- **GIVEN INFORMATION**:

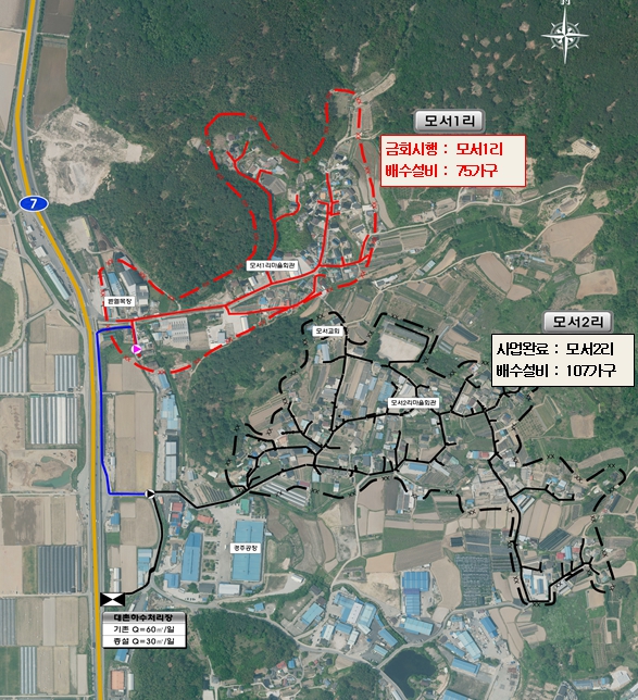 사업은 신규 하수관로를 2.1㎞ 설치하고 하수처리장 일일 시설용량을 60㎥ → 90㎥ 증설한다. 또 배수설비 75가구의 생활하수를 공공 하수도로 연결한다.
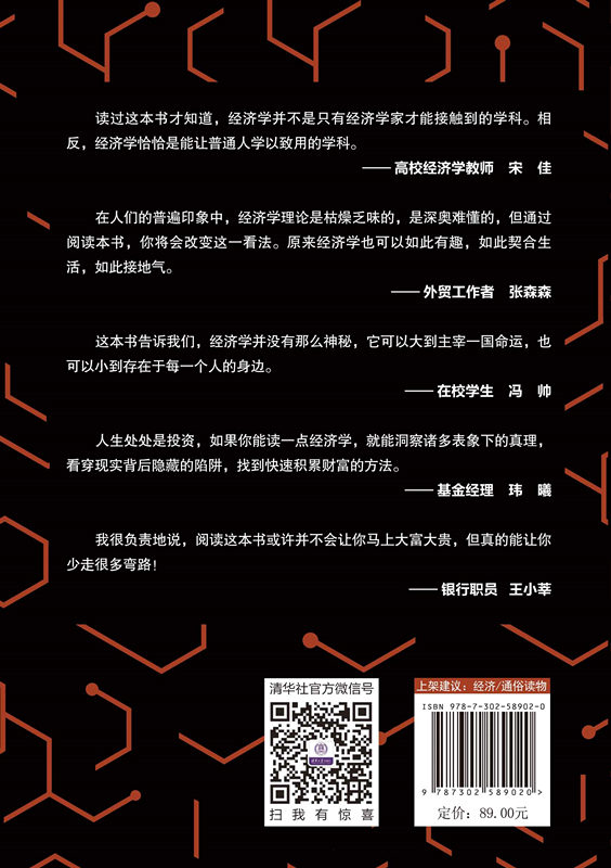 本书的重点不在于教授读者那些深奥的理论,或者让读者学习数学、图表之类的工具来分析经济问题,而是要逐步引导读者,让读者能像经济学家一样思考,用经济学家的思维去思考问题,用经济学方式去解决问题。本书能让你学会选择,从而做出正确决策,理性消费,感性生活。
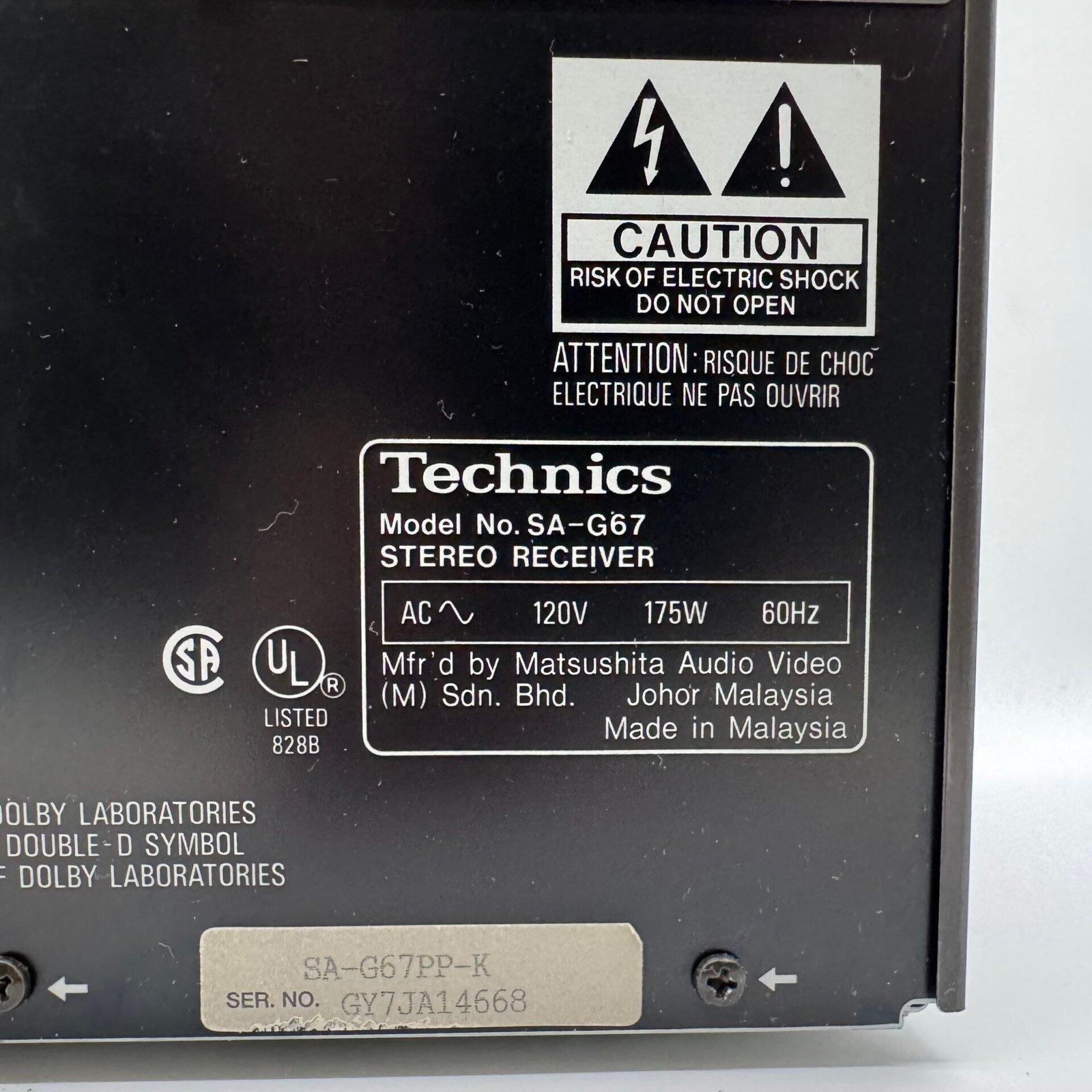 Technics SA-G67 Stereo Receiver Tested Working Dolby Pro Logic

- **ASSIGNED TASK**:
Your reply should consist solely of the lines from the line containing "本书的重点不在于教授读者那些" through the last line of the listing, unchanged and free of pictures.

- **ANSWER BOX**:
 本书的重点不在于教授读者那些深奥的理论,或者让读者学习数学、图表之类的工具来分析经济问题,而是要逐步引导读者,让读者能像经济学家一样思考,用经济学家的思维去思考问题,用经济学方式去解决问题。本书能让你学会选择,从而做出正确决策,理性消费,感性生活。
 Technics SA-G67 Stereo Receiver Tested Working Dolby Pro Logic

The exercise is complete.